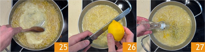 Mezclen y terminen la cocción de la pasta 25. Al final de la cocción, a fuego bajo, agreguen la ralladura de limón 26 y una pizca de pimienta blanca 27.
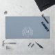 Classic Dusty Blue Floral Crest Monogram Desk Mat
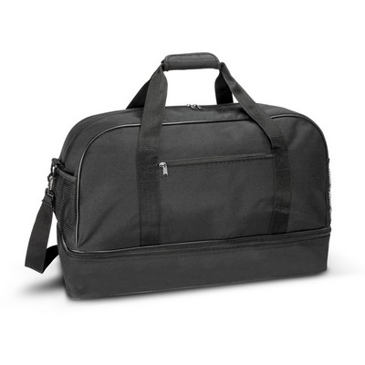 Large robust duffle bag which is manufactured from 600D polyester and has a handy lower compartment for shoes, sports gear etc. It has an adjustable and removable woven shoulder strap with a shoulder pad and woven carry handles with a Velcro cuff. Other features include a zippered side pocket and two mesh end pockets. Colours: Black. Dimensions: H 360mm x L 550mm x Gusset 250mm (excludes handles and shoulder strap). Branding Options: Screen Print-160mm x 90mm. Packing: Loose packed. Carton Dimensions: 64cm x 38cm x 42cm x Carton Quantity: 25 pieces Carton Weight: 14.50kg. Price includes : Printing Per Col/Pos. Setup is included.
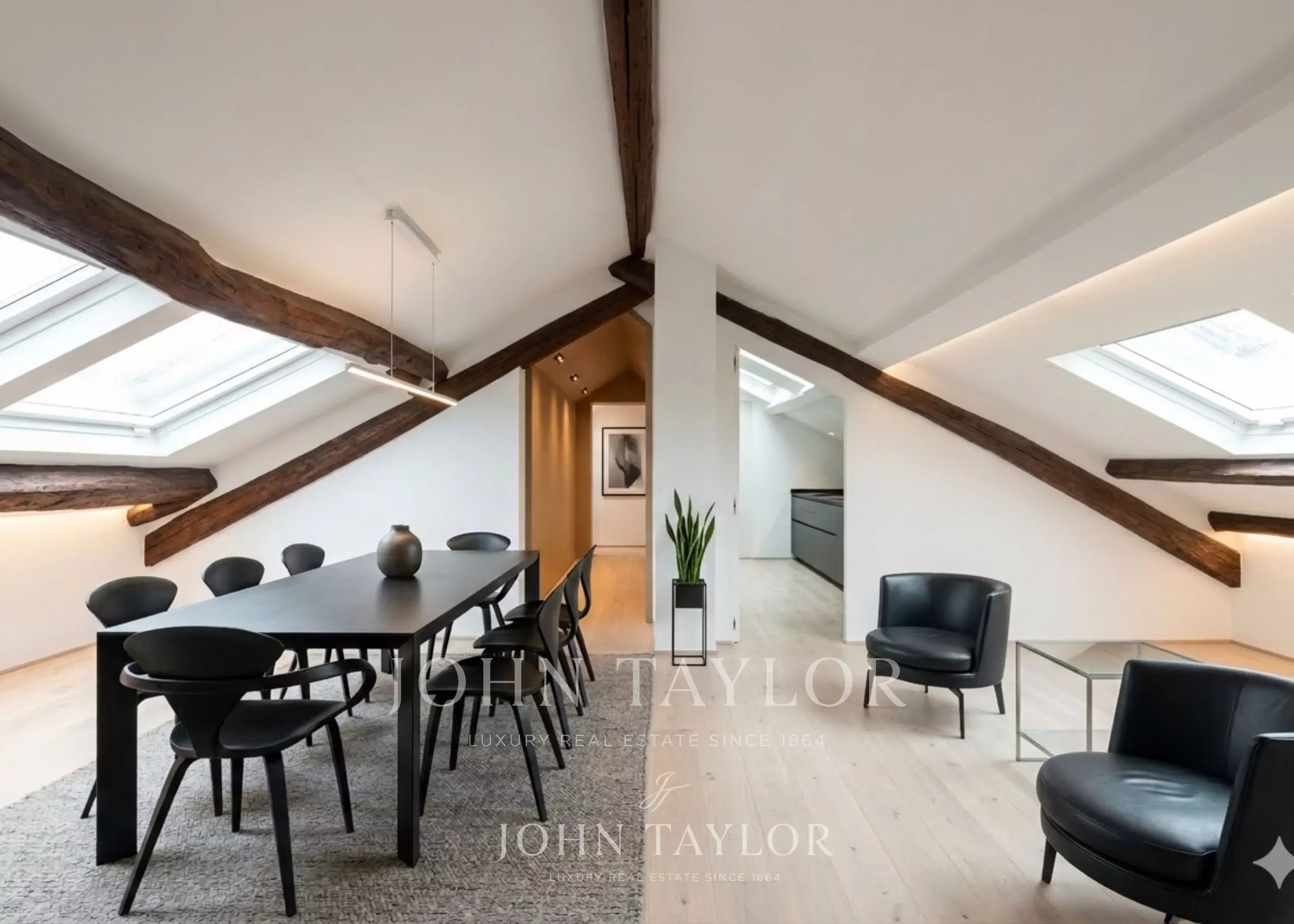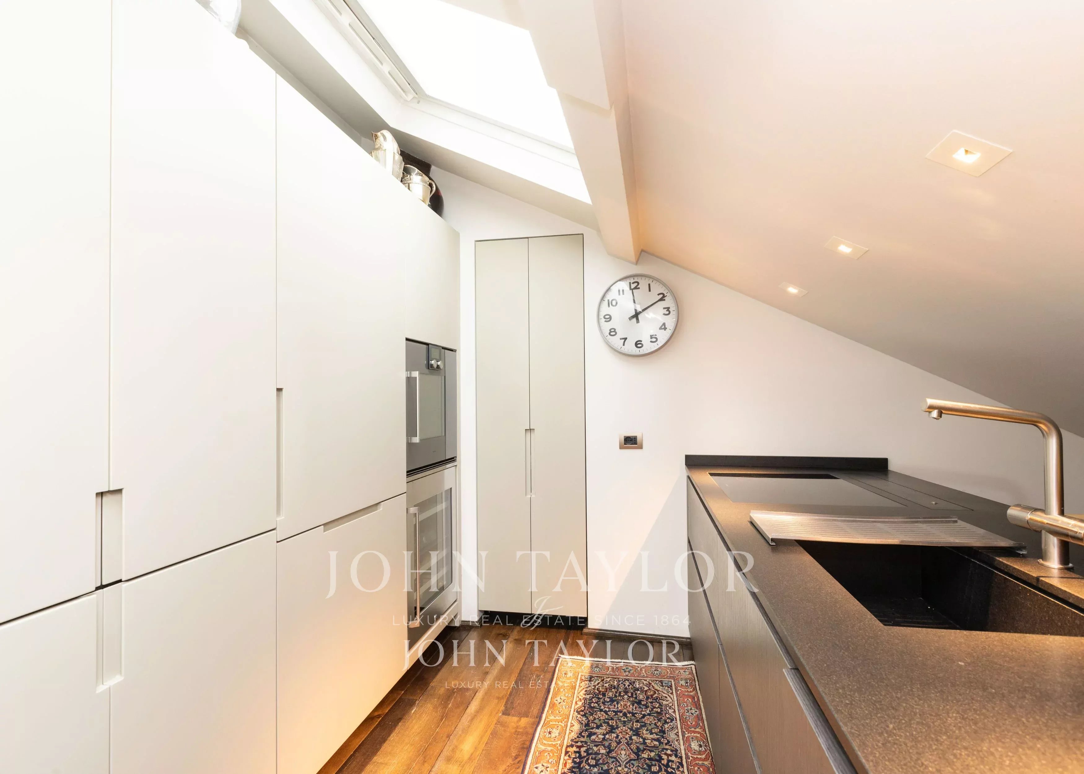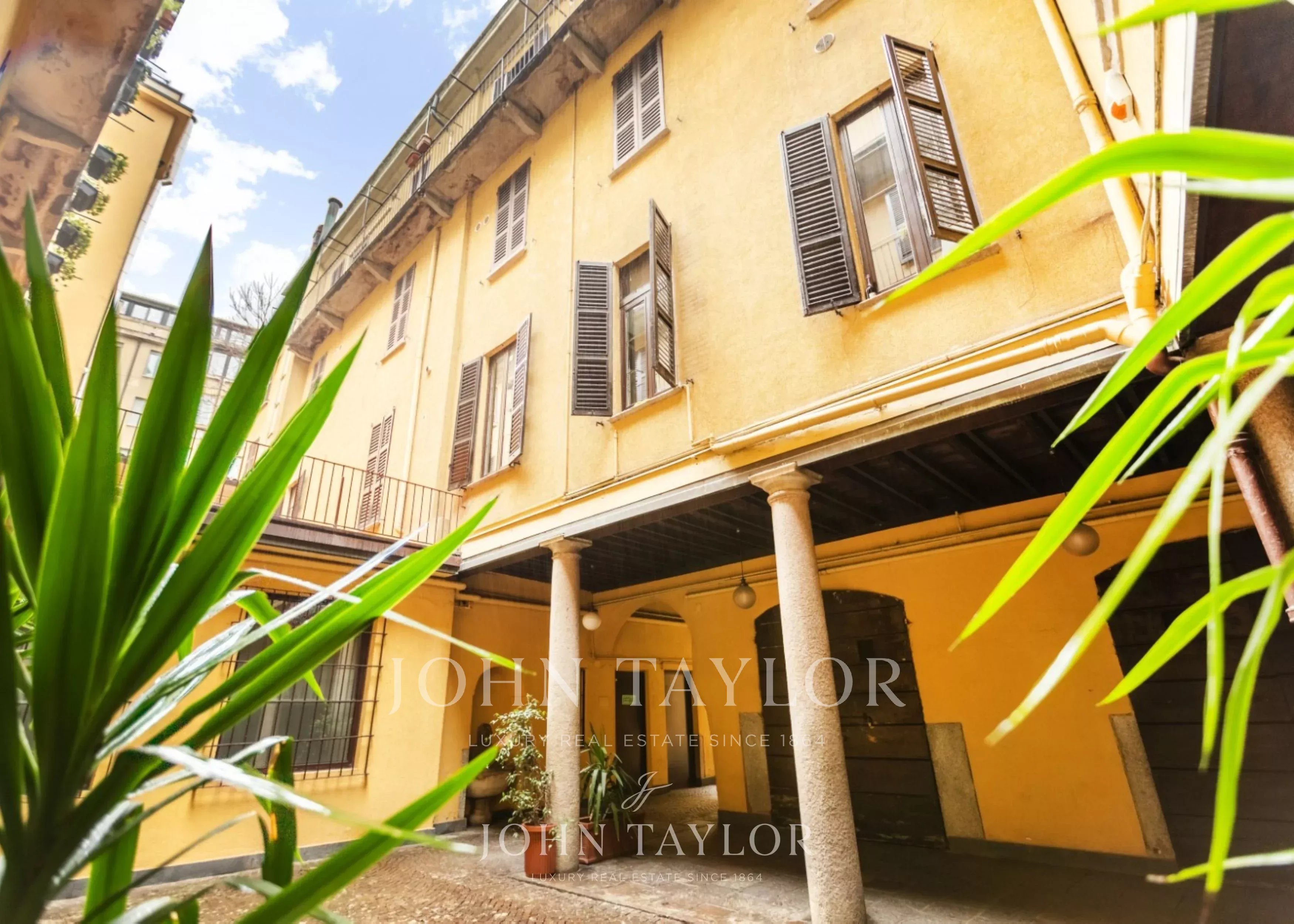 In the most exclusive heart of Milan, in a splendid setting of great historical value, prestigious and exclusive penthouse of approximately 200 sqm, full of charm, set in a context of absolute privacy and silence. A representative property, very bright and quiet, featuring a wonderful and large planted and furnished terrace. The residence consists of two entrances, a large double living room with fireplace, an elegant dining room, a kitchen with valuable custom-made furnishings, two spacious double bedrooms both with fireplace, a study, two walk-in closets, a laundry room, and two bathrooms. The penthouse has undergone a refined renovation with finishes of the highest quality, enchanting original exposed beams, parquet flooring in planks made from Venetian “briccole” wood, a lighting system, splendid boiserie, and an advanced home automation system. The project, curated by a renowned Milanese architecture studio, enhances every space through interior design choices and built-in furnishings from the most prestigious international brands. € 6.500 monthly. Possibility of a parking space in the immediate vicinity. Energy class C.
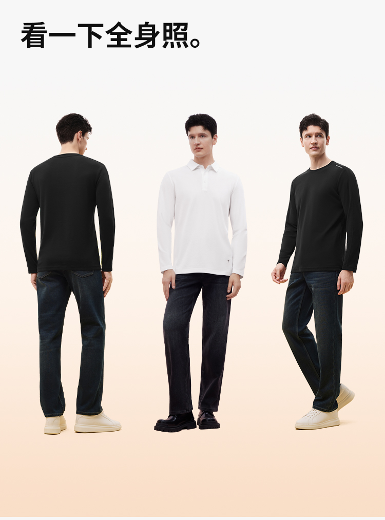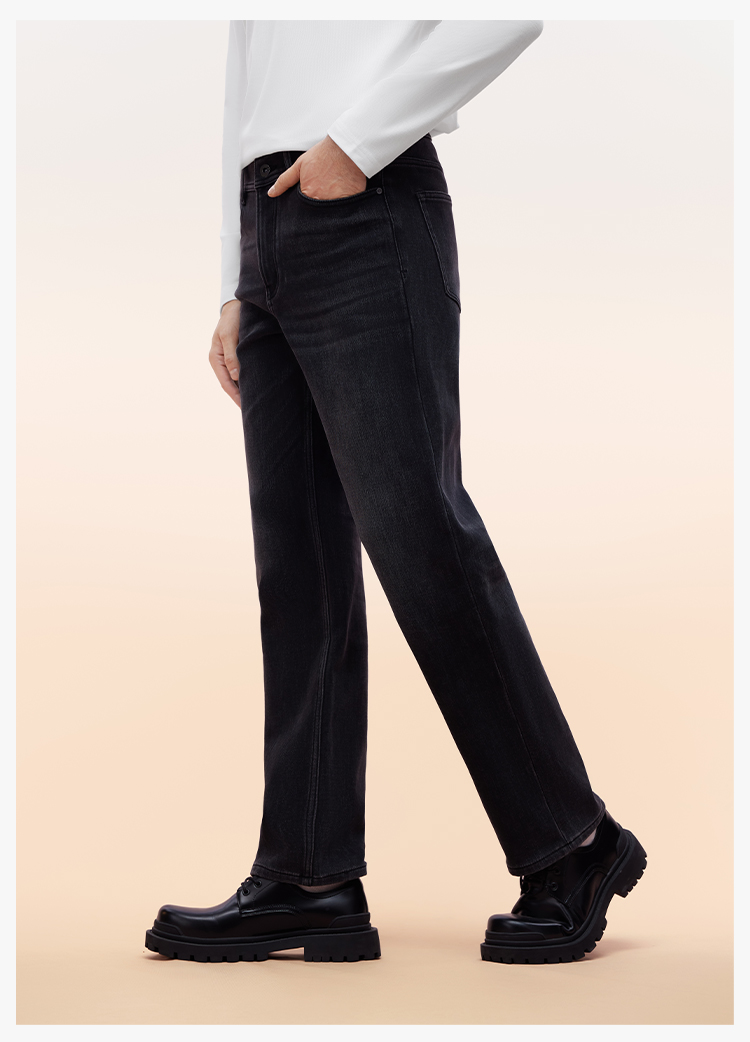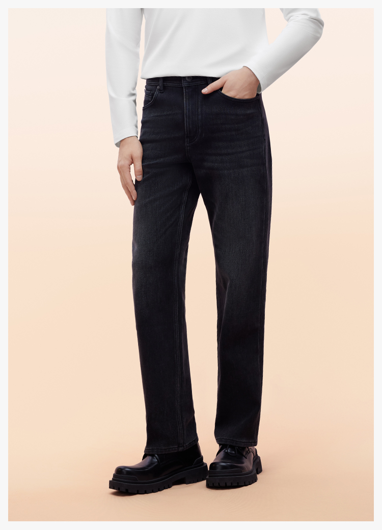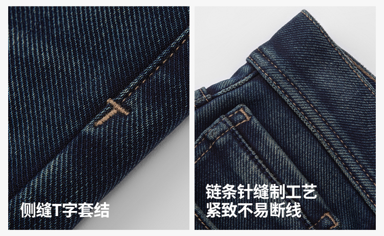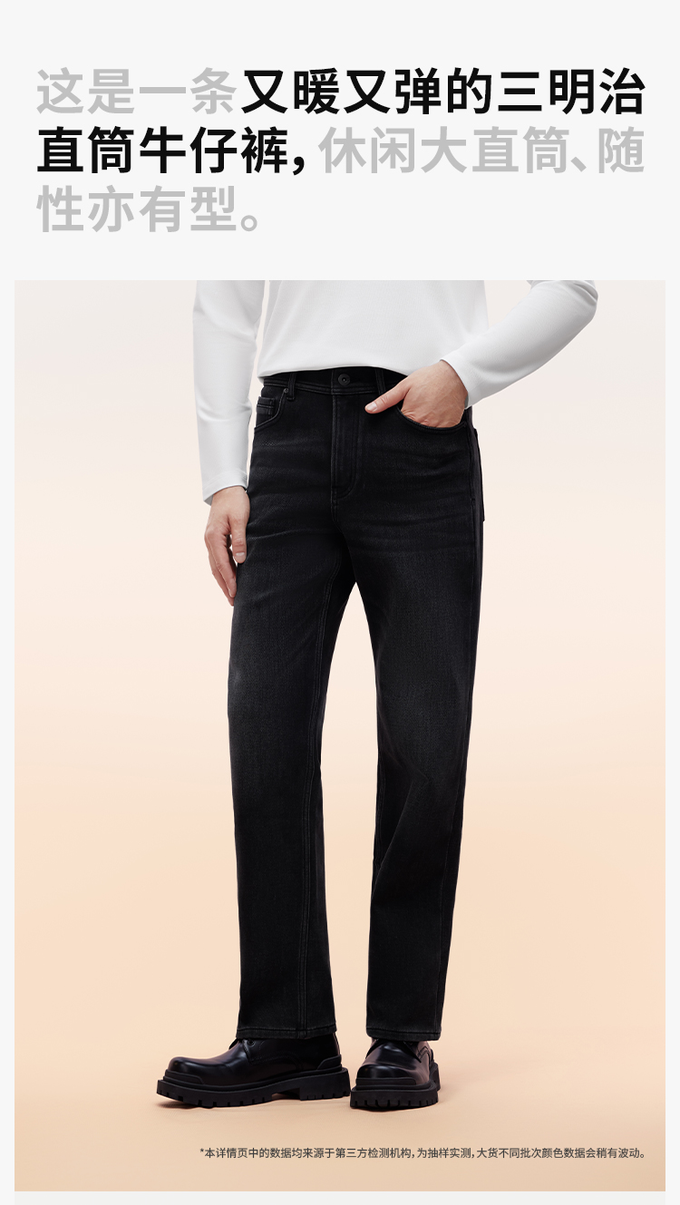 拇指白小T男士三明治直筒牛仔长裤
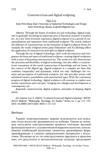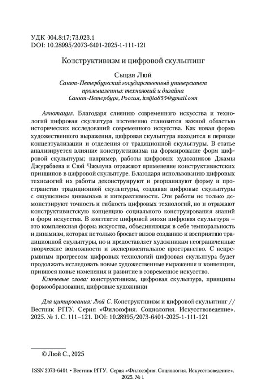 Благодаря слиянию современного искусства и технологий цифровая скульптура постепенно становится важной областью исторических исследований современного искусства. Как новая форма художественного выражения, цифровая скульптура находится в периоде концептуализации и отделения от традиционной скульптуры. В статье анализируется влияние конструктивизма на формирование форм цифровой скульптуры; например, работы цифровых художников Джамы Джурабаева и Сюй Чжэлуна отражают применение конструктивистских принципов в цифровой скульптуре. Благодаря использованию цифровых технологий их работы деконструируют и реорганизуют форму и пространство традиционной скульптуры, создавая цифровые скульптуры с ощущением динамизма и интерактивности. Эти работы не только демонстрируют точность и гибкость цифровых технологий, но и отражают конструктивистскую концепцию социального конструирования знаний и форм искусства. В контексте цифровой эпохи цифровая скульптура – это комплексная форма искусства, объединяющая в себе темпоральность и динамизм, которая не только бросает вызов созданию и восприятию традиционной скульптуры, но и предоставляет художникам неограниченные творческие возможности и экспериментальное пространство. С непрерывным прогрессом цифровых технологий цифровая скульптура будет продолжать исследовать новые художественные выражения и концепции, привнося новые изменения и развитие в современное искусство.
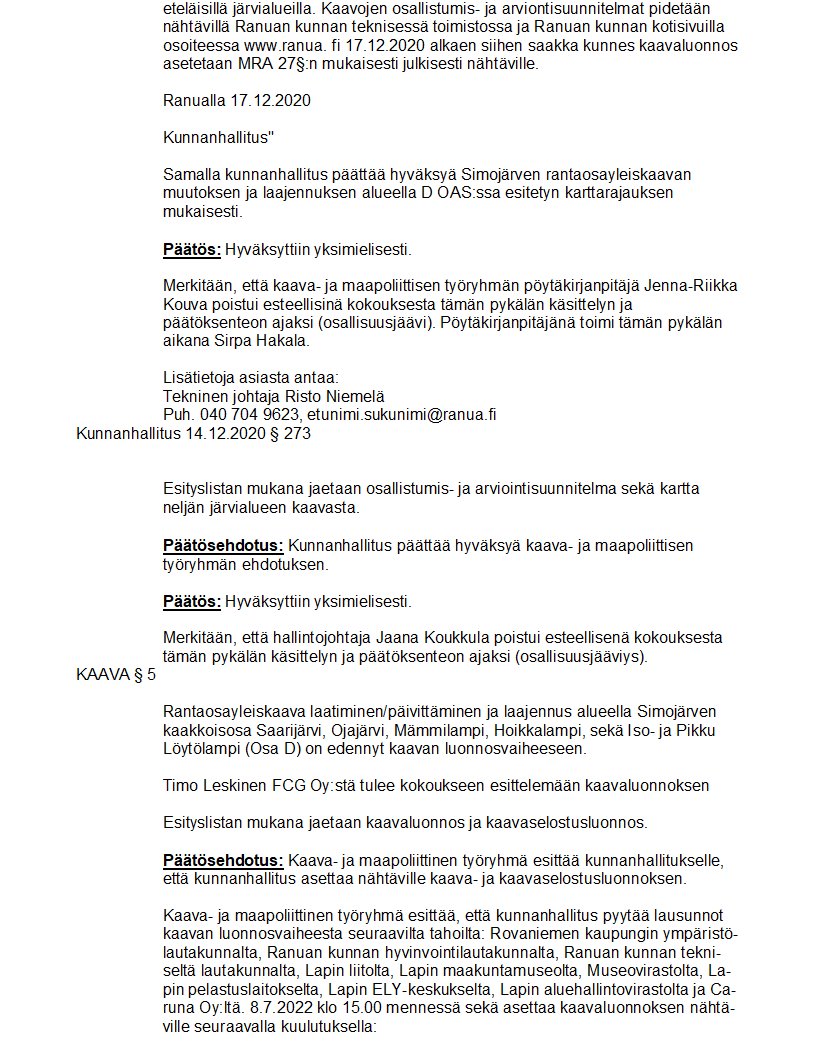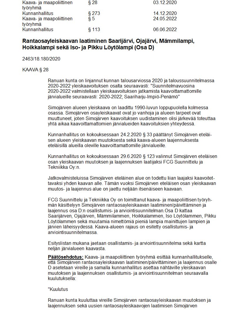 | Simojärven yleiskaavan kaava-alueen D luonnosvaiheen aineisto kevät 2022 |
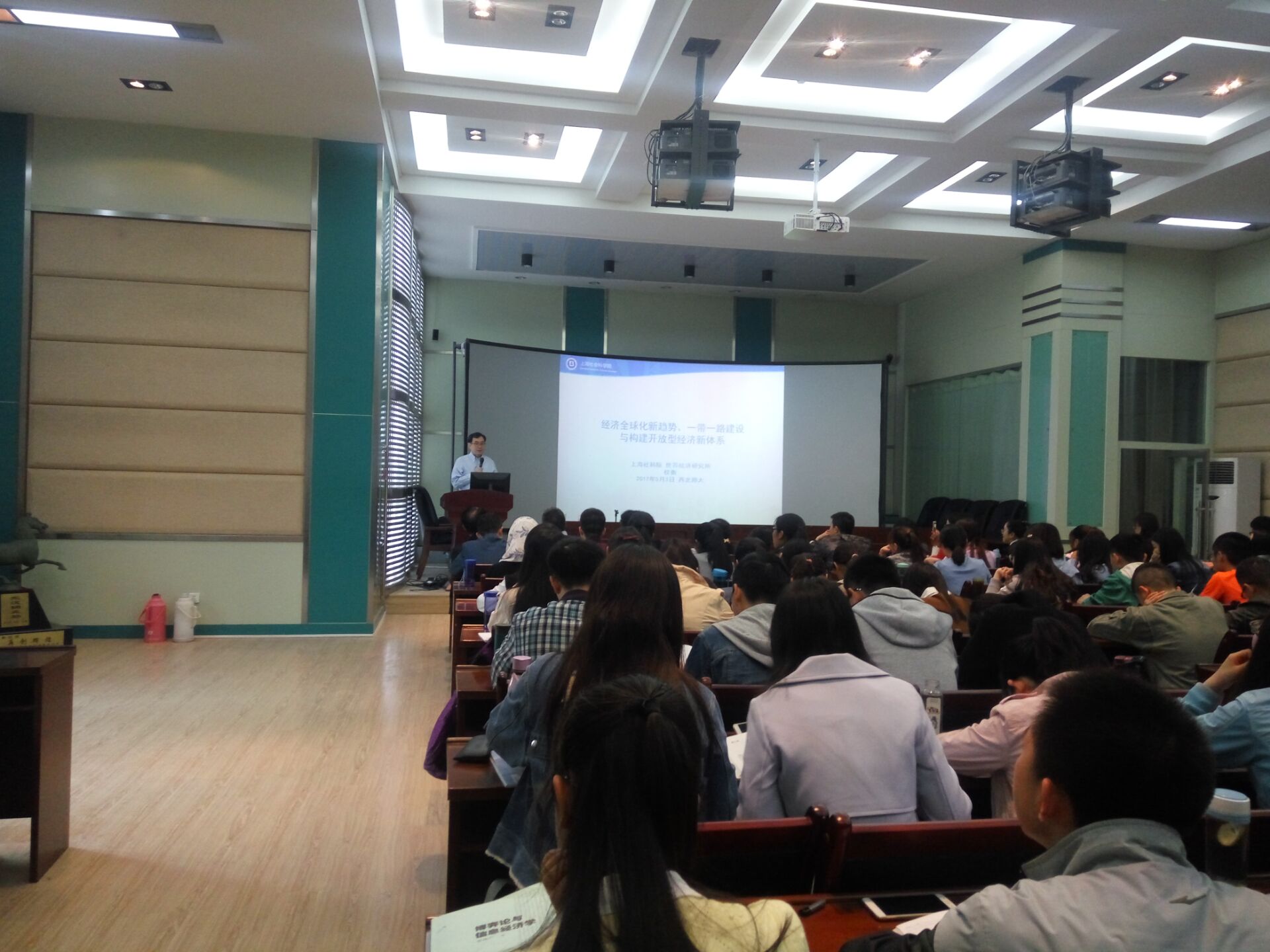 2017年5月3日上午,上海社科院世界经济所所长、博士生导师权衡研究员来威尼斯做了题为《经济全球化新趋势、“一带一路”建设与中国构建开放型经济新体系》的学术报告,报告由8797威尼斯老品牌院长杨立勋教授主持,全院部分教师和150余名学生参加。

================================

◆ **About this exercise**:
Lines from the one above containing "Classic Dusty Blue" down to the one containing "Large robust duffle" should be transcribed exactly, with both ends kept and no pictures.

◆ **Completed task**:
 Classic Dusty Blue Floral Crest Monogram Desk Mat
 Large robust duffle bag which is manufactured from 600D polyester and has a handy lower compartment for shoes, sports gear etc. It has an adjustable and removable woven shoulder strap with a shoulder pad and woven carry handles with a Velcro cuff. Other features include a zippered side pocket and two mesh end pockets. Colours: Black. Dimensions: H 360mm x L 550mm x Gusset 250mm (excludes handles and shoulder strap). Branding Options: Screen Print-160mm x 90mm. Packing: Loose packed. Carton Dimensions: 64cm x 38cm x 42cm x Carton Quantity: 25 pieces Carton Weight: 14.50kg. Price includes : Printing Per Col/Pos. Setup is included.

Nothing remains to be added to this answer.